Parents not receiving tax credits but earning less than £150,000 will be eligible for vouchers to cover 20% of what they would spend on childcare with a nursery of Ofsted registered childminder.
The funding is aimed to help 2.5 million families earning between £20,000 and £40,000. It will initially cost £1.5bn and focus on children under five, before being extended to those under 12.
Cameron said: “Too many families find paying for childcare tough and are often stopped from working the hours they’d like.”
Clegg added: “The rising cost of childcare is one of the biggest challenges parents face and it means many mums and dads simply can’t afford to work.”
Civitas welcomed the extra funding but called for a simpler system for support, based on income splitting to allow parents more freedom.
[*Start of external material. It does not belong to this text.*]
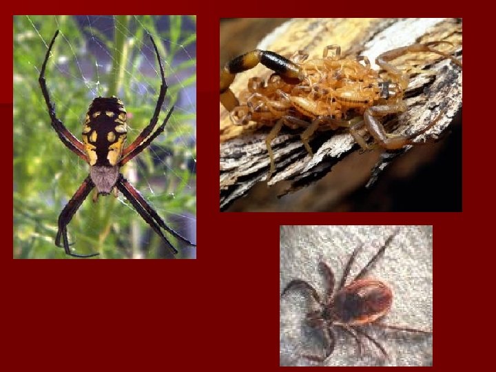 ~Invertebrate Phylum Arthropoda ~ Subphylum Chilicerata n Class n no – Arachnida antennae n 4 pairs of legs n 2 body regions - cephalothorax & abdomen n spiders, scorpions, mites & ticks

The “cumbersome” voucher scheme could be replaced with a simple tax break, it argues.
Anastasia de Waal, deputy director and director of family and education at Civitas, said:
“It is good to see the Government doing more for working families through childcare vouchers, even though the additional help falls short of what many will be hoping for.
“But at least in the longer term the Government should consider a more straightforward system of tax breaks which can be shared between the two parents, enabling them to better juggle the demands of work and family.
“The main problem with the Government's support at the moment is that it gives a tax break to couples so long as they pay someone else to look after their children.
“It would be better – for both children and the economy – if the Government let parents keep more of the money they have earned so that they can decide whether to care for their own children or pay someone else.”